Summary:Women Writers of the American West, 1833-1927 recovers the names and works of hundreds of women who wrote about the American West during the nineteenth and early twentieth centuries, some of them long forgotten and others better known novelists, poets, memoirists, and historians such as Willa Cather and Mary Austin Holley. Nina Baym mined literary and cultural histories, anthologies, scholarly essays, catalogs, advertisements, and online resources to debunk critical assumptions that women did not publish about the West as much as they did about other regions. Elucidating a substantial body of nearly 650 books of all kinds by more than 300 writers, Baym reveals how the authors showed women making lives for themselves in the West, how they represented the diverse region, and how they represented themselves. Baym accounts for a wide range of genres and geographies, affirming that the literature of the West was always more than cowboy tales and dime novels. Nor did the West consist of a single landscape, as women living in the expanses of Texas saw a different world from that seen by women in gold rush California. Although many women writers of the American West accepted domestic agendas crucial to the development of families, farms, and businesses, they also found ways to be forceful agents of change, whether by taking on political positions, deriding male arrogance, or, as their voluminous published works show, speaking out when they were expected to be silent.

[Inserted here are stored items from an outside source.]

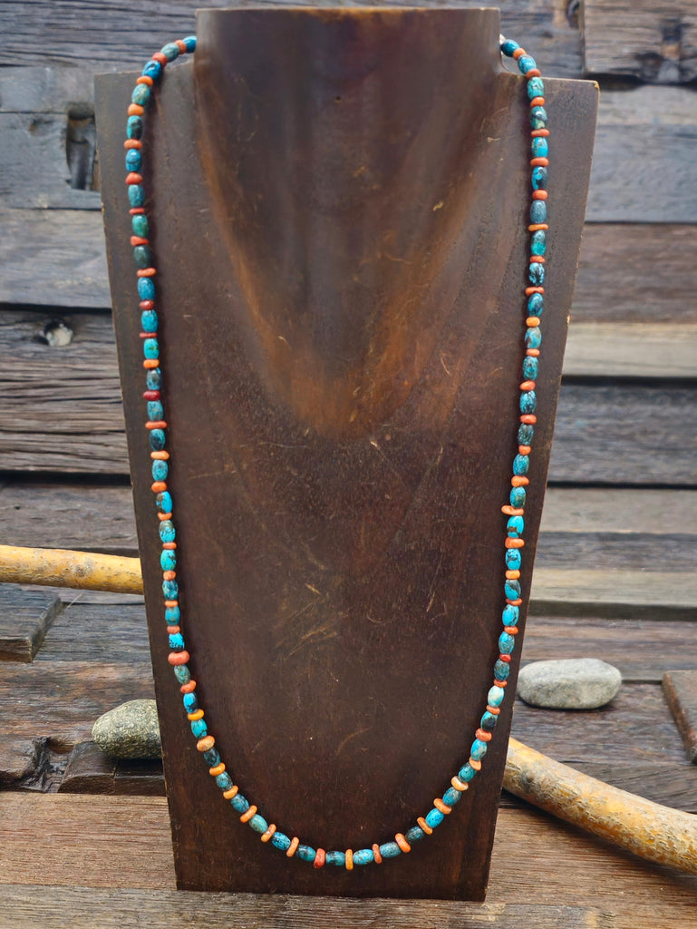 Turquoise and Orange Spiny Bead Necklace All jewelry is handcrafted by Indigenous Artists.  Dimensions: Length - 23 in.
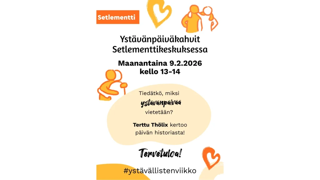 Terttu Thölix kertoo ystävänpäivän historiasta ja Vaasan Setlementtiyhdistys tarjoaa kahvit.
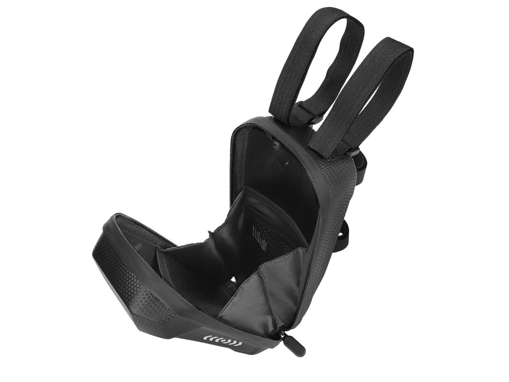 Tato přední taška o objemu 2 litry je navržena pro každodenní používání na kolech, elektrokolech a elektrických koloběžkách. Díky kompaktním rozměrům poskytuje dostatek prostoru pro uložení drobných osobních věcí, aniž by překážela při jízdě.

Item Description:Description based on print version record.
Physical Description:1 online resource
Bibliography:Includes bibliographical references (pages ([313]-360) and index.
Author Notes:Nina Baym was born Nina Zippin in Princeton, New Jersey on June 14, 1936. She received a bachelor's degree from Cornell University, a master's degree from Radcliffe College, and a Ph.D. from Harvard University. She joined the faculty of the University of Illinois-Champaign in 1963 and taught English there until her retirement in 2004. She wrote several books including Shape of Hawthorne's Career; The Scarlet Letter: A Reading; Woman's Fiction: A Guide to Novels by and About Women in America, 1820-1870; Women Writers of the American West, 1832-1927; and Feminism and American Literary History. She also served as general editor of several editions of The Norton Anthology of American Literature. She died from complications of dementia on June 15, 2018 at the age of 82.